Kuala lumpur: The FTSE Bursa Malaysia KLCI (FBM KLCI) futures contract on Bursa Malaysia Derivatives is poised for an upward trend next week, reflecting movements in the underlying cash market. Rakuten Trade Sdn Bhd vice-president of equity research Thong Pak Leng highlighted that the FBM KLCI has been in an oversold state, which might encourage investors to capitalize on weaknesses and enhance valuations. "We anticipate the benchmark index to trend within the 1,600-1,630 range for next week," he informed Bernama.
According to BERNAMA News Agency, trading on Bursa Malaysia's derivatives market faced a halt on Friday due to a Globex system outage. The disruption was attributed to a cooling issue at CyrusOne data centers in the United States.
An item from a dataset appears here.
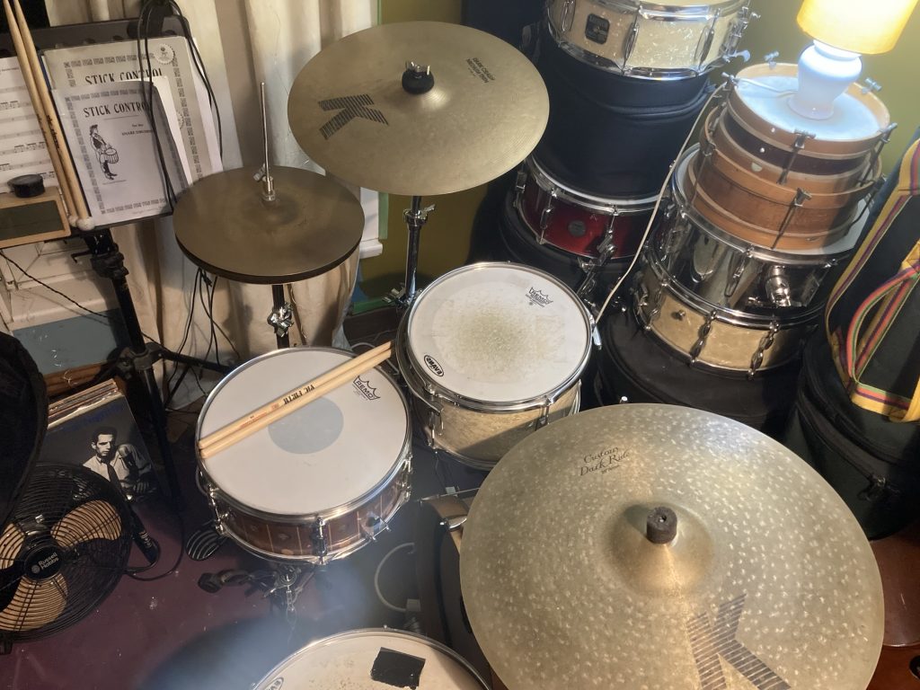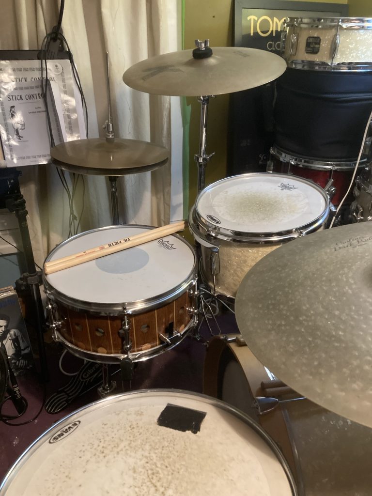 I also swapped out the temporary cheapo heads I had on their thus far, replacing the batter side with a coated CS Dot, by Remo, and a clear 300 Snare Side, from Evans. I’ll need to spend some time exploring tension/tuning.
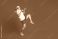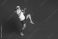 • Playful Santa look alike dances in bright red studio wearing white tank top plaid shorts and striped socks for festive christmas vibe

Globex serves as the Chicago Mercantile Exchange (CME) Group's platform for international derivatives trading.
In comparison to last week's Friday, the November 2025 contract saw a decline of 4.5 points to 1,619.0 during this week's Thursday session. The December 2025 contract dropped five points to 1,618.5, the March 2026 contract decreased by 6.5 points to 1,600.0, and the June 2026 contract fell by four points to 1,607.0.
The week's turnover increased significantly to 184,536 lots from the previous 32,615 lots, while open interest expanded to 75,903 contracts from the previous 45,643 contracts. In the cash market, on a Friday-to-Friday basis, the FBM KLCI decreased by 13.10 points to 1,604.47, compared to last week's 1,617.57.